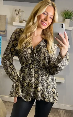 No closet is complete without a snake print blouse. With a v-neck, a faux wrap front, long flared sleeves and a frilled peplum shape. Style with cropped jeans and heeled ankle boots for a dressed up daytime outfit or pair with a fitted skirt and heels for a polished evening outfit.
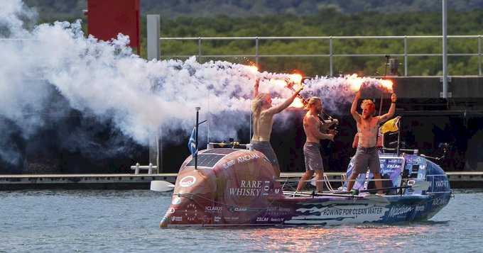 The trio from Edinburgh endured seasickness, injuries and violent storms, including one that swept Lachlan overboard, while raising over 700,000 pounds ($945,690) toward a 1 million-pound ($1.3 million) target for clean water projects.
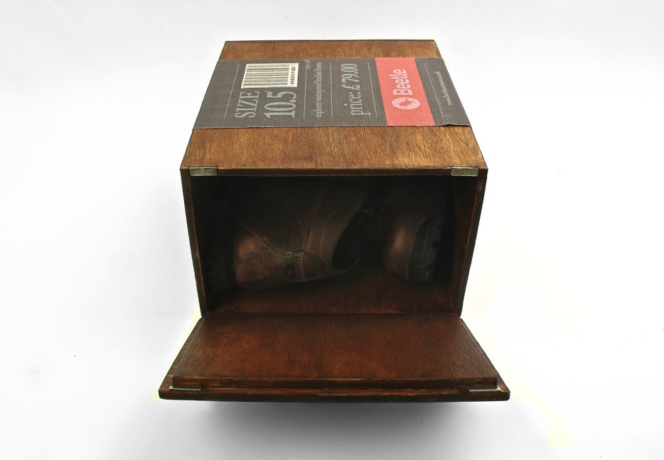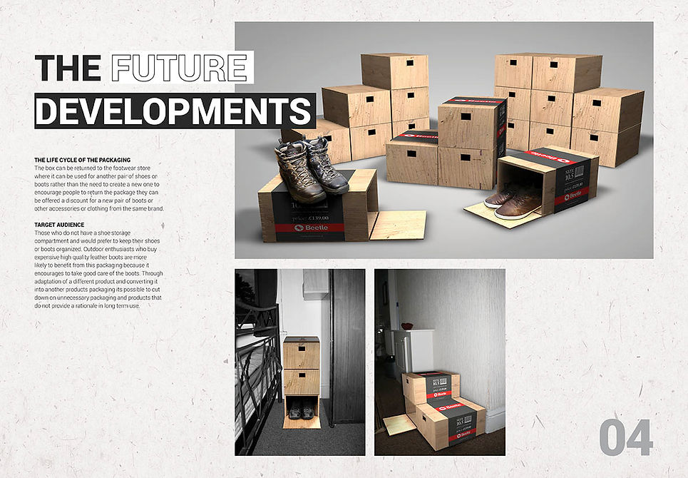 The intention behind ‘liquid wood shoe box’ concept was to convince the user to keep onto the packaging rather than throw it away. The shoe box packaging can be used as storage container and the same time convert into shoe storage cabinet by holding the boxes with neodymium magnets. The box can also be returned to the store where it would be used for another pair of boots for an exchange of a discount for a new pair of boots.
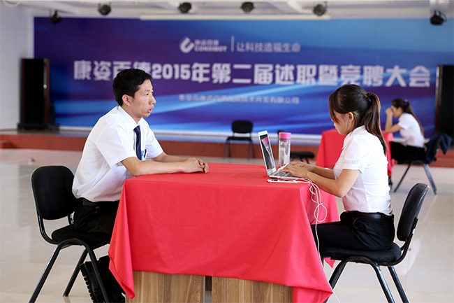 “我參加工作以來一直從事行政管理相關的工作,對公司日常行政管理工作有更深的理解,這個是我競聘行政主管的優勢……”7月2日,在康姿百德科技園辦公樓三樓會議室,參加康姿百德2015年第二屆述職暨競聘大會的行政專員馮璐正在向評審團進行面試答辯。這也是此次競聘大會最為重要的一個環節。
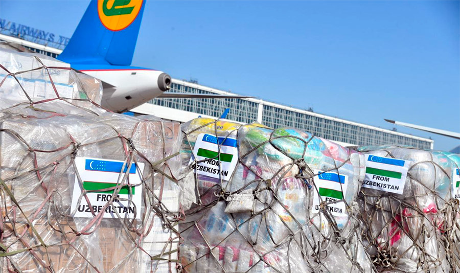 21 февраль куни ҳавога кўтарилган самолёт Фавқулодда вазиятлар вазирлиги ходимлари билан бирга болалар ва катталар учун кийимлар, маиший техника воситалари, чидамли озиқ-овқат консервалари, қуруқ мевалар, ярим тайёр овқатлар, чақалоқлар бўтқаси, одёл ва ёстиқлар, гигиеник воситалар тўплами сингари ҳаётий зарур восита ва маҳсулотларни Сурияга етказиб беради. Ўзбекистон Республикаси президенти Шавкат Мирзиёев топшириғига биноан инсонпарварлик ёрдами юборилди.
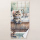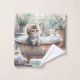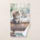 Une jolie aquarelle illustrant l'adorable chaton qui profite d'un bain à bulles dans une baignoire en bois rustique, avec un décor serein de plantes et une lumière naturelle douce filtrant par une fenêtre.
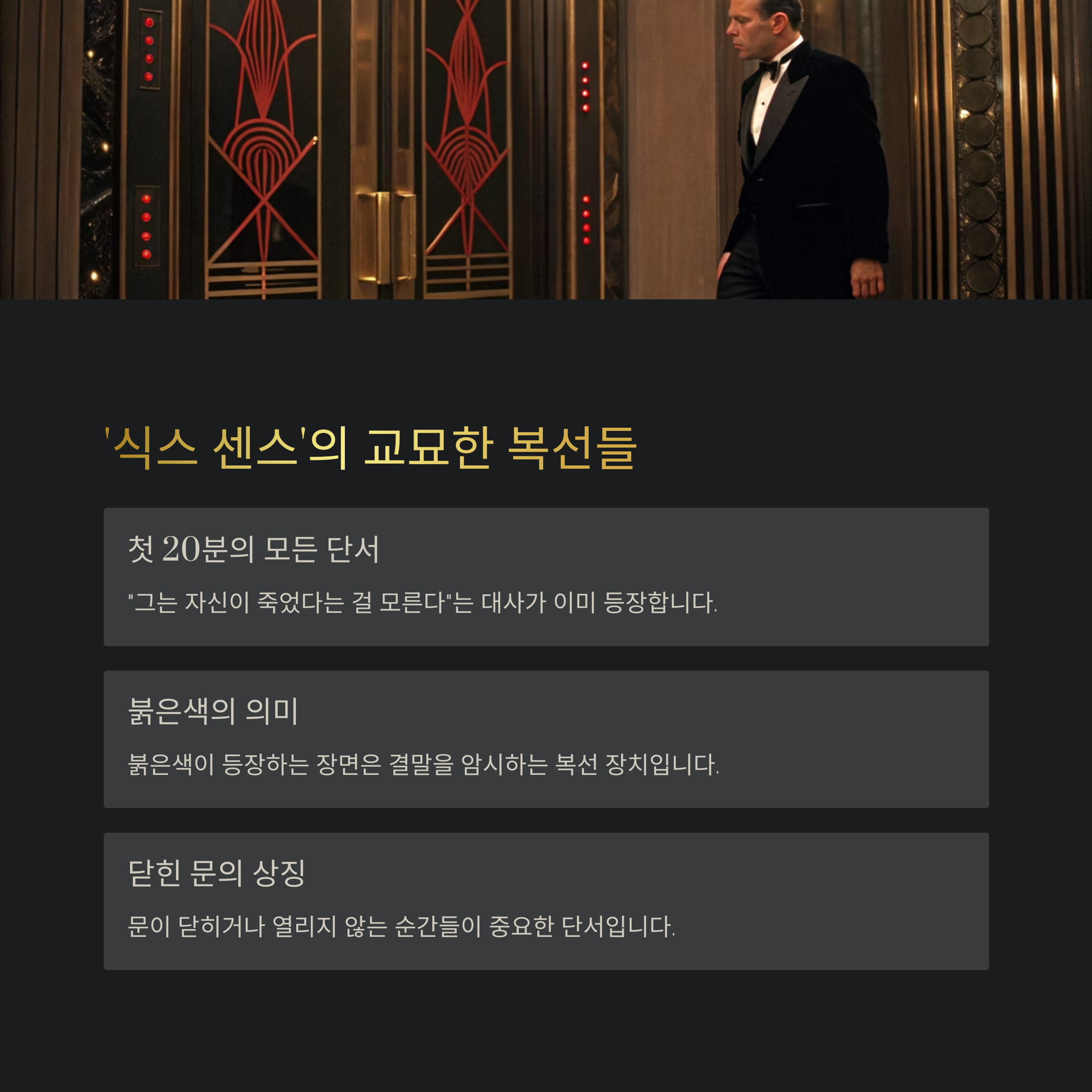 시각적 복선 | 색감, 소품, 공간 배치로 정보 제공 | 식스 센스, 인셉션 |
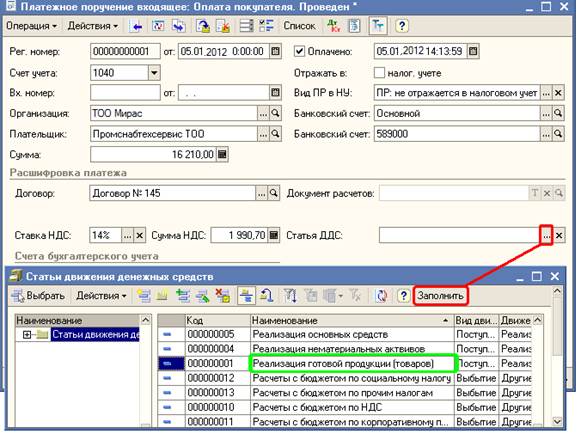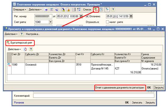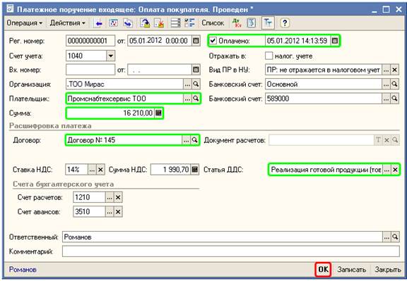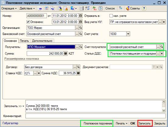 Егер жалауша орнатылмаған болса – құжат ғана жасалған ақпарат база мүмкін болса егер төлем тапсырмасы жалаушасы төленген орнатылған болса, құжаттың иә батырмасын басу кезінде есептеу бухгалтерлік жазбада құрастырады.

What the task asks | Omit the pictures. Repeat the rest of the data exactly.

Your solution |
 No closet is complete without a snake print blouse. With a v-neck, a faux wrap front, long flared sleeves and a frilled peplum shape. Style with cropped jeans and heeled ankle boots for a dressed up daytime outfit or pair with a fitted skirt and heels for a polished evening outfit.
 The trio from Edinburgh endured seasickness, injuries and violent storms, including one that swept Lachlan overboard, while raising over 700,000 pounds ($945,690) toward a 1 million-pound ($1.3 million) target for clean water projects.
 The intention behind ‘liquid wood shoe box’ concept was to convince the user to keep onto the packaging rather than throw it away. The shoe box packaging can be used as storage container and the same time convert into shoe storage cabinet by holding the boxes with neodymium magnets. The box can also be returned to the store where it would be used for another pair of boots for an exchange of a discount for a new pair of boots.
 “我參加工作以來一直從事行政管理相關的工作,對公司日常行政管理工作有更深的理解,這個是我競聘行政主管的優勢……”7月2日,在康姿百德科技園辦公樓三樓會議室,參加康姿百德2015年第二屆述職暨競聘大會的行政專員馮璐正在向評審團進行面試答辯。這也是此次競聘大會最為重要的一個環節。
 21 февраль куни ҳавога кўтарилган самолёт Фавқулодда вазиятлар вазирлиги ходимлари билан бирга болалар ва катталар учун кийимлар, маиший техника воситалари, чидамли озиқ-овқат консервалари, қуруқ мевалар, ярим тайёр овқатлар, чақалоқлар бўтқаси, одёл ва ёстиқлар, гигиеник воситалар тўплами сингари ҳаётий зарур восита ва маҳсулотларни Сурияга етказиб беради. Ўзбекистон Республикаси президенти Шавкат Мирзиёев топшириғига биноан инсонпарварлик ёрдами юборилди.
 Une jolie aquarelle illustrant l'adorable chaton qui profite d'un bain à bulles dans une baignoire en bois rustique, avec un décor serein de plantes et une lumière naturelle douce filtrant par une fenêtre.
 시각적 복선 | 색감, 소품, 공간 배치로 정보 제공 | 식스 센스, 인셉션 |
 Егер жалауша орнатылмаған болса – құжат ғана жасалған ақпарат база мүмкін болса егер төлем тапсырмасы жалаушасы төленген орнатылған болса, құжаттың иә батырмасын басу кезінде есептеу бухгалтерлік жазбада құрастырады.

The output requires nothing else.